**WHAT THE EXERCISE ASKS**
In the listing below, find the line with "Konstantin Vogel (JGR-Vorsitzender, von" and copy every line from there up to and including the line with "1- فيه دليل", exactly and without pictures.

**DATA FOR ANALYSIS**
┏━━

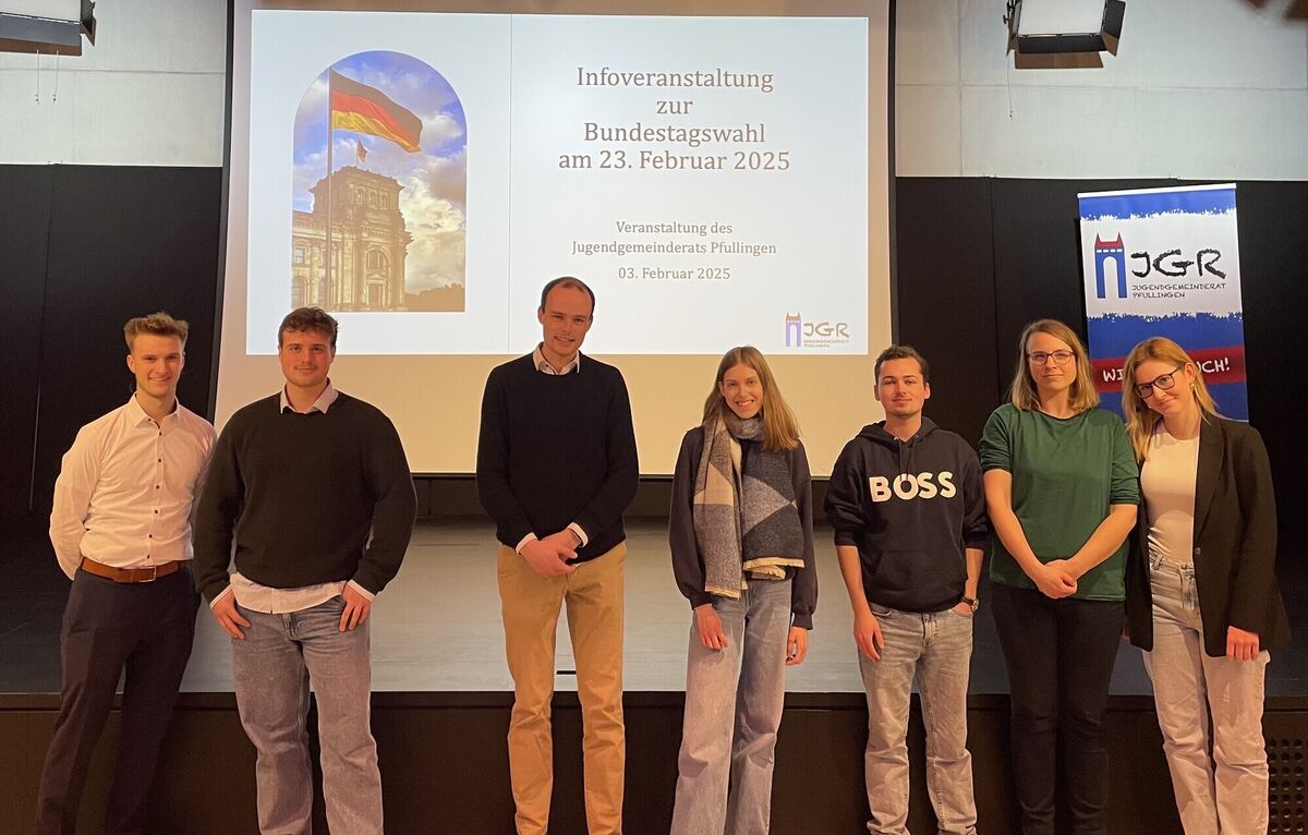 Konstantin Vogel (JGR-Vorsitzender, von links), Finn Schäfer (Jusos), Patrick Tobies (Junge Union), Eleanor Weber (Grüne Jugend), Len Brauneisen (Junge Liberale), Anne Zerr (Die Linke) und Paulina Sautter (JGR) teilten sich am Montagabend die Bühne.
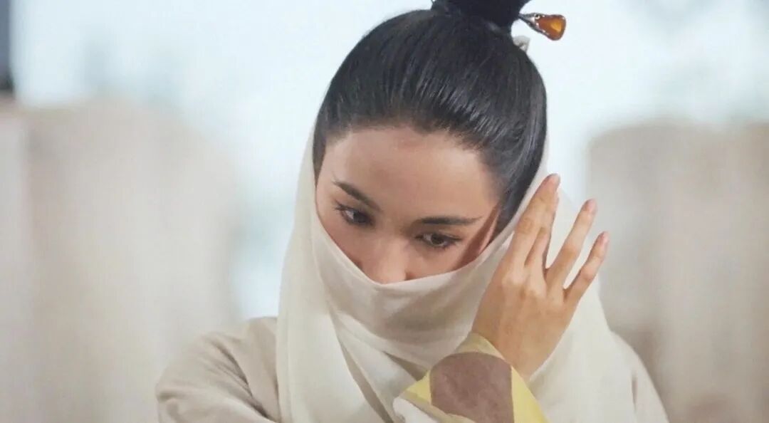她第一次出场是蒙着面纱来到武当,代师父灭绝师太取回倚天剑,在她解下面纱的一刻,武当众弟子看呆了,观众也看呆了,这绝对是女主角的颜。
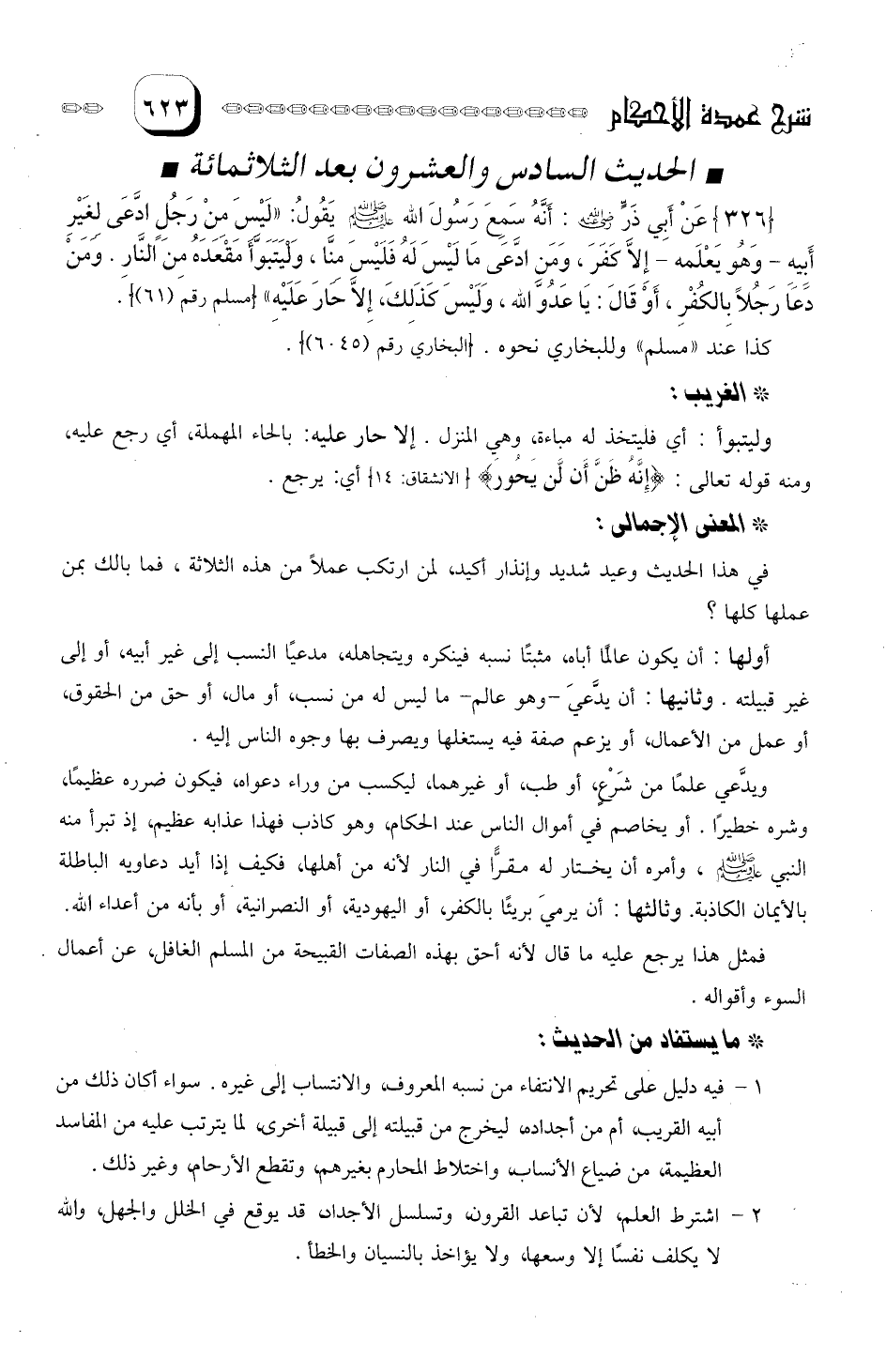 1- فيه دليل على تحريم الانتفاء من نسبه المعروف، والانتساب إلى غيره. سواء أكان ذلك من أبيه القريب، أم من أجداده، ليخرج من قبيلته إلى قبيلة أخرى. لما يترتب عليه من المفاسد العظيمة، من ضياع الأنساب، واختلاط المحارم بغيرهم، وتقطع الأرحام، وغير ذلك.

┗━━
┏━━

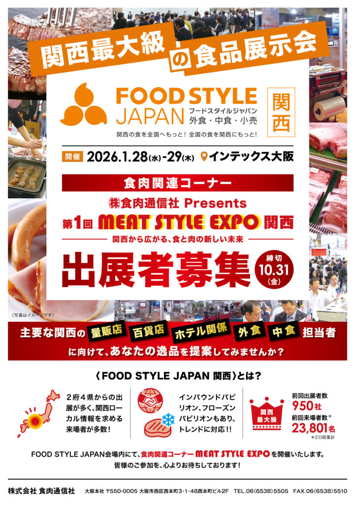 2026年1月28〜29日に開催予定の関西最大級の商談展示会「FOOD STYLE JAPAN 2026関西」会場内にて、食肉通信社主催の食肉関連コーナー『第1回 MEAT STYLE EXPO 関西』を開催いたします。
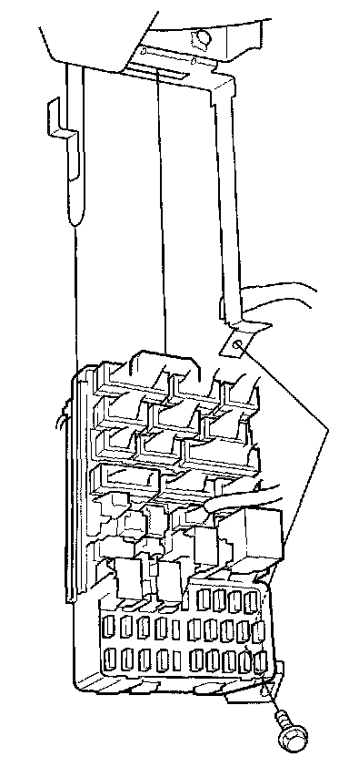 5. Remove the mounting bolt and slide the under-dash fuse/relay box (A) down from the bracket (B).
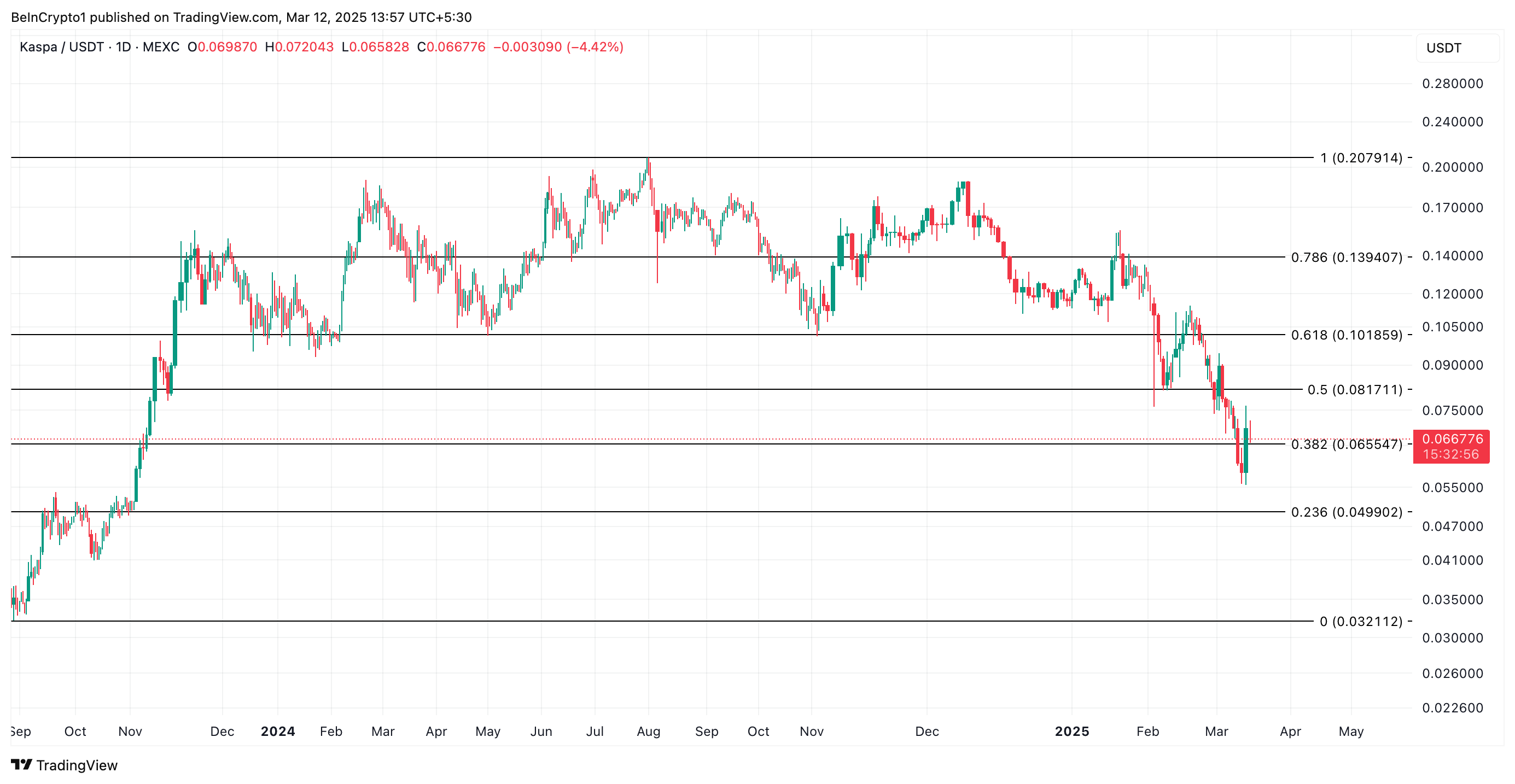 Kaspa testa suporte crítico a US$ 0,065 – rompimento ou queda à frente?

┗━━

**RESULT OF THIS TASK**
 Konstantin Vogel (JGR-Vorsitzender, von links), Finn Schäfer (Jusos), Patrick Tobies (Junge Union), Eleanor Weber (Grüne Jugend), Len Brauneisen (Junge Liberale), Anne Zerr (Die Linke) und Paulina Sautter (JGR) teilten sich am Montagabend die Bühne.
她第一次出场是蒙着面纱来到武当,代师父灭绝师太取回倚天剑,在她解下面纱的一刻,武当众弟子看呆了,观众也看呆了,这绝对是女主角的颜。
 1- فيه دليل على تحريم الانتفاء من نسبه المعروف، والانتساب إلى غيره. سواء أكان ذلك من أبيه القريب، أم من أجداده، ليخرج من قبيلته إلى قبيلة أخرى. لما يترتب عليه من المفاسد العظيمة، من ضياع الأنساب، واختلاط المحارم بغيرهم، وتقطع الأرحام، وغير ذلك.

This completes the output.